Health and wellness technology has become very good at collecting information. Wearable devices can track heart rate, sleep, activity, and recovery. Apps can record workouts, monitor progress, and provide recommendations. But there’s a difference between collecting data and knowing how to use it. That gap between information and action is helping to drive agentic health AI, the next evolution of digital health.
From Health Data to Action
Most AI responds to a request. If you ask a question, it gives you an answer or recommendation. Agentic AI is designed to go further. It can work toward a goal over time and use new information to decide what to do next. It can evaluate, plan, respond, and adjust as circumstances change.
“The real potential of agentic health AI is its ability to move from insight to action, says Mark Gorelick, Ph.D., Principal Scientist, Algorithmic Health at Pear Health Labs. He adds, “It can interpret new information in the context of a person’s goal and help determine the most appropriate next step.”
The concept is still relatively new in healthcare, but the idea is straightforward. AI becomes more useful when it can translate information into meaningful action.
Personalization is Not the Same as Adaptation
The term “personalization” is now widely used in digital health. However, a personalized plan is not necessarily adaptive. Personalization establishes the starting point. Adaptation allows the plan to change as new information becomes available.
Agentic AI goes a step further by using that information to determine what should happen next. For instance, a fitness training system might assess a person’s abilities, goals, and behavioral characteristics, then build an initial plan. As new biometric and activity data become available, the system can adjust future recommendations. The result is a plan that continues to respond to the person.
Gorelick adds, “Adaptive intelligence gives us a way to continually recalibrate guidance around the person’s current needs, instead of providing a one-time customization.”
Health Changes. Guidance Should Too
Health rarely follows a straight line. Sleep patterns shift. Schedules get disrupted. Fitness levels may improve or decline. An illness or a missed week can make yesterday’s plan a poor fit for today.
Physical activity offers a simple example. Someone who has been exercising regularly for several weeks may be ready to do more. Another person who is coming back after an illness or time away may need to ease back in. The system should be able to distinguish between the two situations and adjust accordingly.
Why This Matters at Population Scale
For organizations responsible for the health of large populations, that capability is especially important.
- Health plans may be looking for better ways to support prevention and healthy behaviors between medical visits.
- Clinical networks may want to extend evidence-based guidance beyond the clinic.
- Pharmaceutical companies may want to offer support for healthy behaviors to use alongside treatment.
- Public-sector organizations may need scalable approaches to support physical readiness, resilience, and long-term health among geographically dispersed populations.
The challenge remains the same: How do you provide more individualized support to thousands or even millions of people without creating a separate program for each?
Agentic health AI offers a way to address that issue. It can combine personal data, scientific evidence, established protocols, and ongoing feedback to determine the most appropriate next steps for each person.

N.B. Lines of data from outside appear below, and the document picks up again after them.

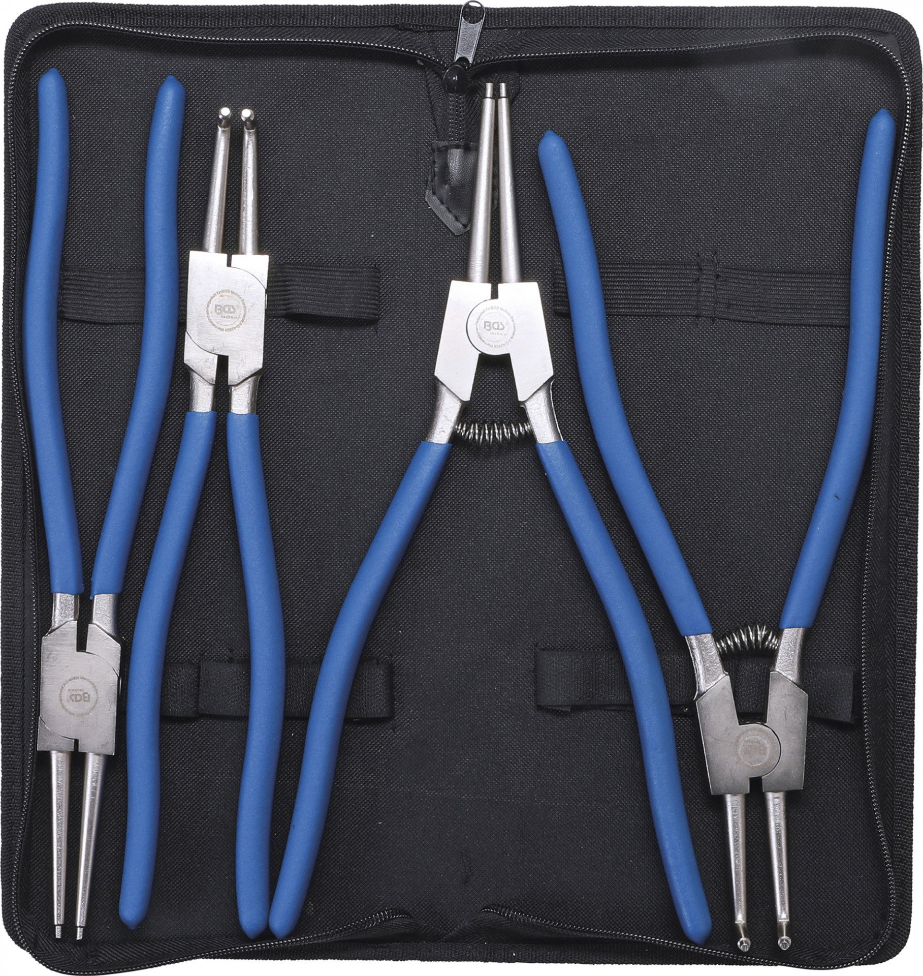Gumírozott nyelű fogók zippzáras kivitelű szövet tokban.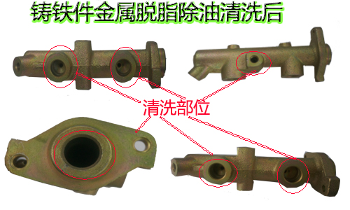 汽車制動總泵是汽車零配件中重要的組成部分,其材質(zhì)一般都是鑄鐵件表面鍍鋅,鍍鋅之后一般會用柴油進行珩磨,這樣就導致工件表面和孔內(nèi)殘留有柴油,需要對其進行除油。同時,酸性和堿性的清洗劑可以除油干凈,不過會對鍍鋅層產(chǎn)生影響,使鍍鋅層褪色。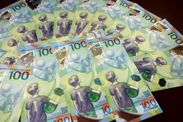 Được biết trong dịp World Cup này, đã có 20 triệu tờ được phát hành, đối tượng nhắm đến là người dân Nga, các cổ động viên - du khách đến từ các nước trên thế giới đổ về nước Nga mua về làm kỉ niệm. Theo như tờ Moscow Times, tiền làm bằng chất liệu polymer, phát hành vào tháng 5/2018 để kỉ niệm lần đầu tiên nước Nga tổ chức sự kiện World Cup.

What Makes Health AI Valuable
As AI becomes more common in healthcare, the question is not whether a solution uses AI, but rather what specific role AI plays. Does it collect and summarize data? Does it provide a one-time recommendation, or can it incorporate new information, adjust its advice, and help determine the next appropriate action?

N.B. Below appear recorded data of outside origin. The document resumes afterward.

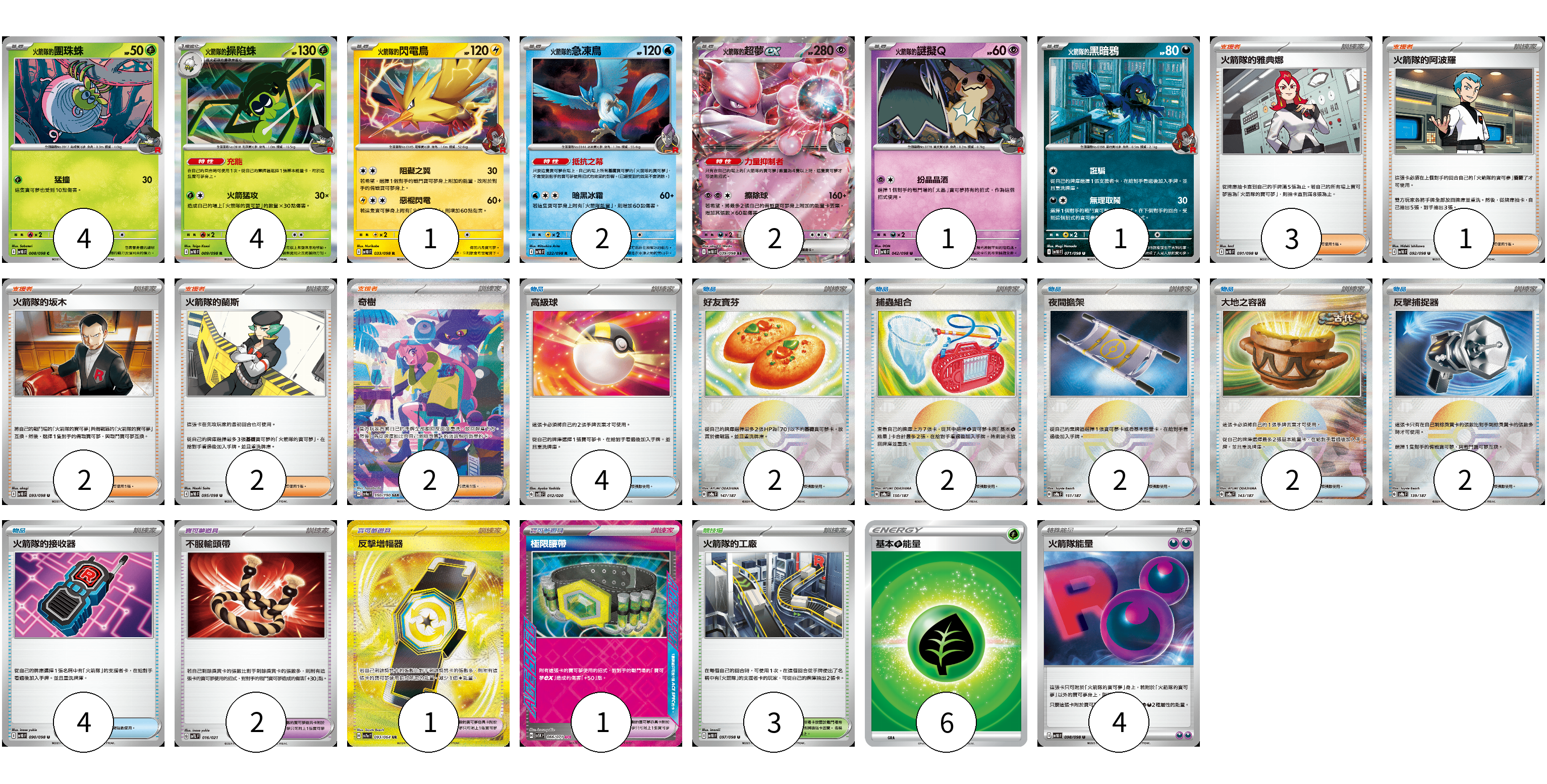 牌組構築方案 以此牌組為基礎新構築牌組 顯示卡面 顯示列表 寶可夢卡(15) 4 4 1 2 2 1 1 寶可夢道具(4) 2 1 1 物品卡(18) 4 2 2 2 2 2 4 支援者卡(10) 3 1 2 2 2 競技場卡(3) 3 能量卡(10) 6 4 寶可夢卡(15) 卡牌名稱 張數 卡牌名稱 張數 <火箭隊的>團珠蛛 SV10 008/098 04 <火箭隊的>操陷蛛 SV10 009/098 04 <火箭隊的>閃電鳥 SV10 033/098 01 <火箭隊的>急凍鳥 SV10 022/098 02 <火箭隊的>超夢ex SV10 039/098 02 <火箭隊的>謎擬Q SV10 042/098 01 <火箭隊的>黑暗鴉 SV10 071/098 01 寶可夢道具(4) 卡牌名稱 張數 卡牌名稱 張數 不服輸頭帶 SVTL 016/021 02 反擊增幅器 SV7a 093/064 01 極限腰帶 SV5K 066/071 01 物品卡(18) 卡牌名稱 張數 卡牌名稱 張數 高級球 SVOD 012/020 04 好友寶芬 SV8a 147/187 02 捕蟲組合 SV8a 150/187 02 夜間擔架 SV8a 151/187 02 大地之容器 SV8a 143/187 02 反擊捕捉器 SV8a 139/187 02 火箭隊的接收器 SV10 090/098 04 支援者卡(10) 卡牌名稱 張數 卡牌名稱 張數 火箭隊的雅典娜 SV10 091/098 03 火箭隊的阿波羅 SV10 092/098 01 火箭隊的坂木 SV10 093/098 02 火箭隊的蘭斯 SV10 095/098 02 奇樹 SV4a 350/190 02 競技場卡(3) 卡牌名稱 張數 卡牌名稱 張數 火箭隊的工廠 SV10 097/098 03 能量卡(10) 卡牌名稱 張數 卡牌名稱 張數 基本【草】能量 SI GRA 06 火箭隊能量 SV10 098/098 04 以此牌組為基礎新構築牌組 牌組編碼 QcWXPH-gnnUxh-VEHyFS copy 列印牌組單 牌組編碼已複製 分享至SNS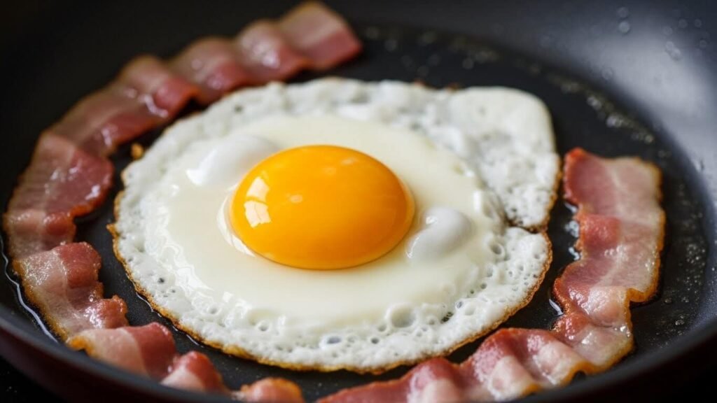 • 기름의 마법: 잘 구워진 베이컨은 잠시 덜어두고, 팬에 남은 귀한 ‘베이컨 기름’에 계란을 톡! 깨뜨려주세요. (버터를 한 조각 넣으면 더 맛있어요!)
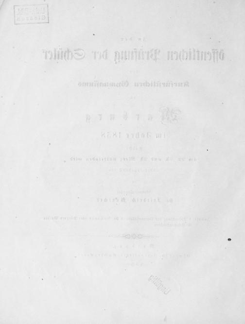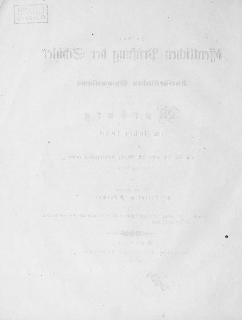 Zu der öffentlichen Prüfung der Schüler des Kurfürstlichen Gymnasiums zu Marburg im Jahre ... ladet ergebenst ein der Gymnasialdirector

For health applications, that intelligence also needs boundaries. Scientific evidence, physiological baselines, safety guardrails, and human oversight help determine when and how AI should adjust its recommendations.

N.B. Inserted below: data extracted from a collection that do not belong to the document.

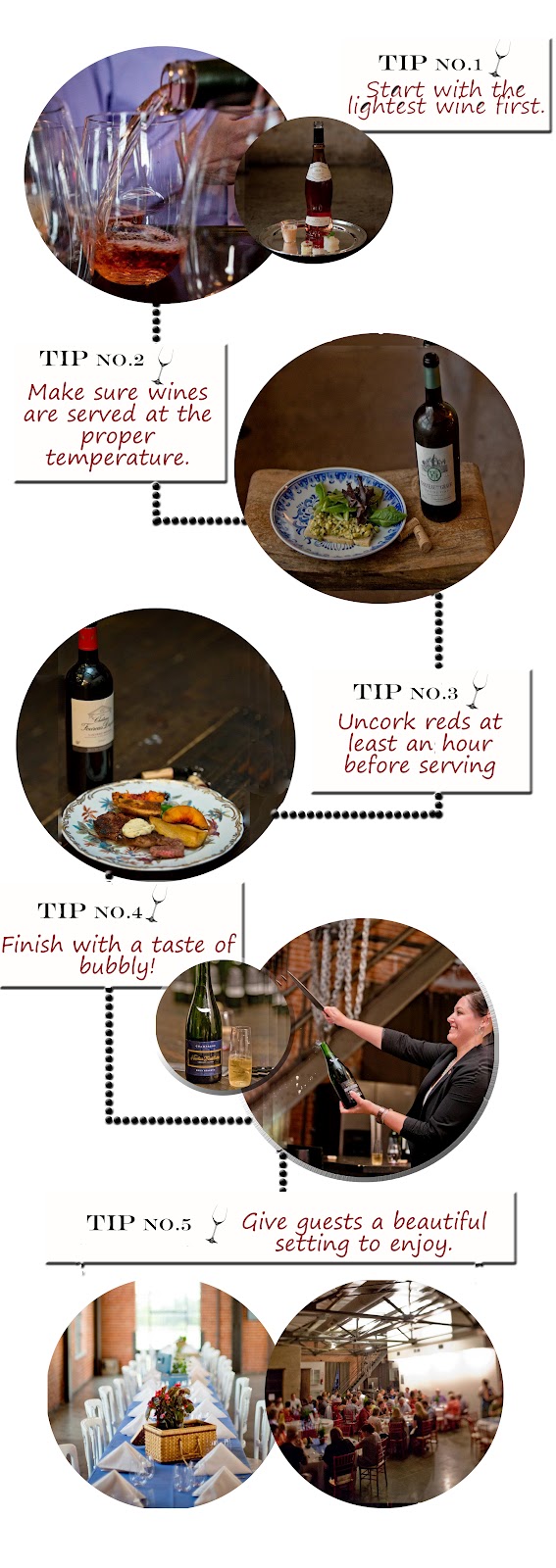 ~ For presentation purposes, pour on the right side of the guest so they can see the label, never touch the bottle to glass, and master the twist of the wrist to avoid dripping.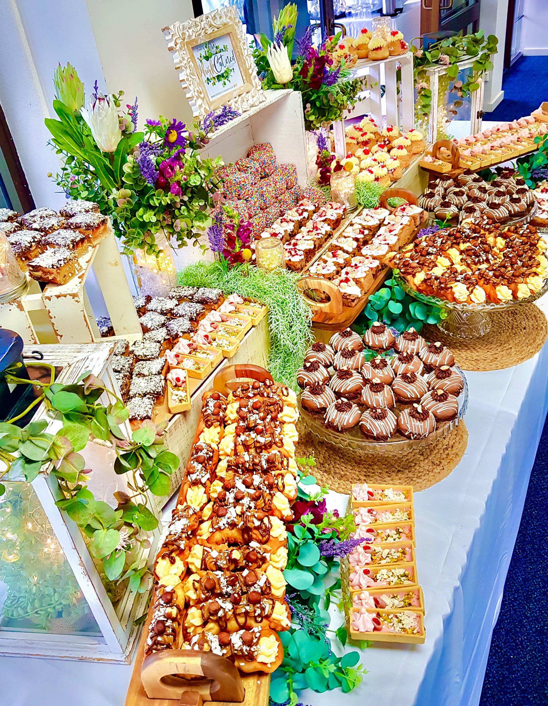 Our grazing tables are a beautifully designed work of art, and the perfect way to entertain your guests before, during and after your wedding ceremony. Designed to compliment your theme, they include a range of meats, cheeses, dried and fruit, savoury biscuits and dips as well as a selection of sweet donuts, cakes or slices along with hot and cold savoury options.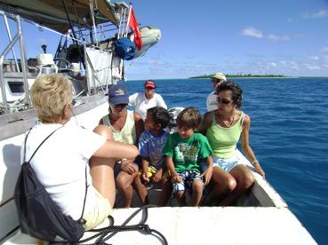 | Le 16 juin 2007 nous montons avec Sophie, Hina et Tetuanui, 5 ans sur Téa pour nous déplacer pour la journée au Nord du lagon où nichent des milliers de sternes dont c'est la période de ponte des oeufs. | |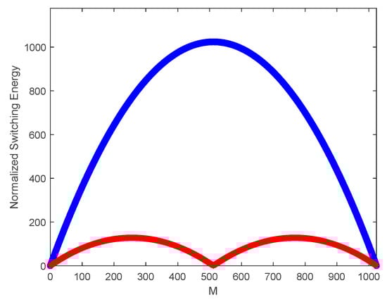 Normalized switching energy of the 2-level (blue) and 3-level (red) switching schemes (N = 1024).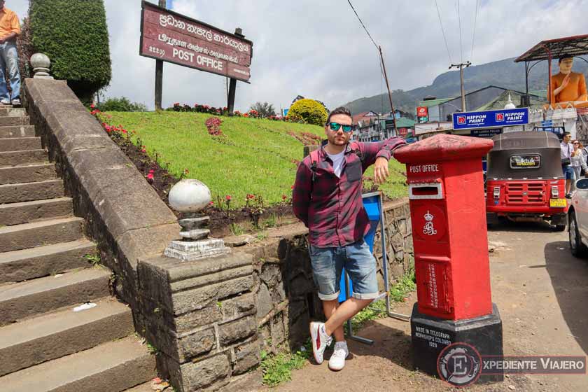La primera parada que hacemos en Nuwara Eliya es la oficina de correos, después de aparcar el tuk tuk justo frente a la puerta.

Building Intelligence Around the Individual
PEAR’s Training Intelligence® is built around this adaptive approach, using assessments, biometric inputs, scientific evidence, and health protocols to transform information into personalized daily guidance. That ability to turn changing information into relevant guidance is where the potential of agentic health AI becomes tangible.
This points to a bigger shift in digital health. The first generation of connected health technology helped people understand what happened. The next generation may be far more useful in helping people know what to do next.